* [TASK GOAL]: A faithful copy of all the data is the goal; omit the pictures.

* [EXERCISE DATA]:
○ ○ ○
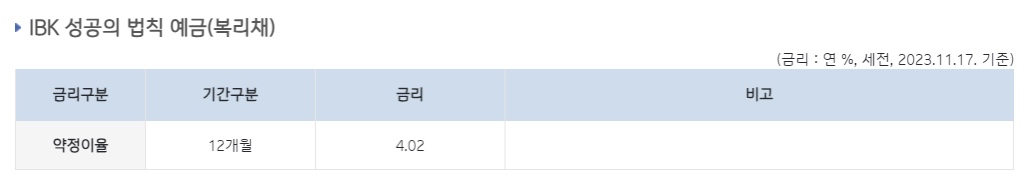 - IBK 성공의 법칙 예금 (복리채) : 예금자 보호법 적용이 안됨, 1년(12개월) 가입 가능 상품
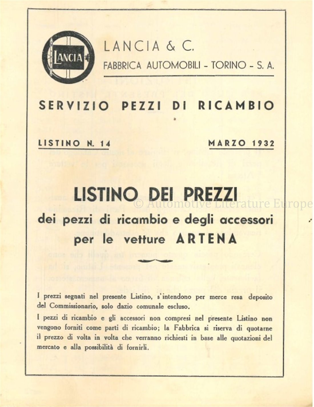 1932 LANCIA ARTENA OWNERS MANUAL & SPARE PARTS CATALOGUE ITALIAN
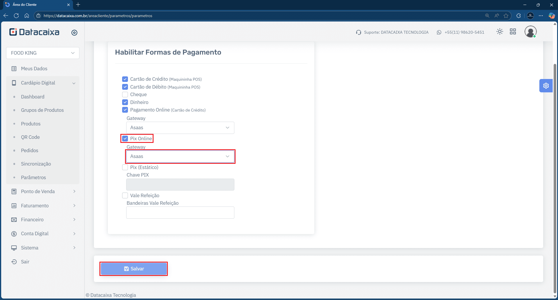 12- Marque a opção Pix Online e selecione o Gateway do Asaas. Em seguida, clique em Salvar.
○ ○ ○
* [ANSWER BELOW]:
 - IBK 성공의 법칙 예금 (복리채) : 예금자 보호법 적용이 안됨, 1년(12개월) 가입 가능 상품
 1932 LANCIA ARTENA OWNERS MANUAL & SPARE PARTS CATALOGUE ITALIAN
 12- Marque a opção Pix Online e selecione o Gateway do Asaas. Em seguida, clique em Salvar.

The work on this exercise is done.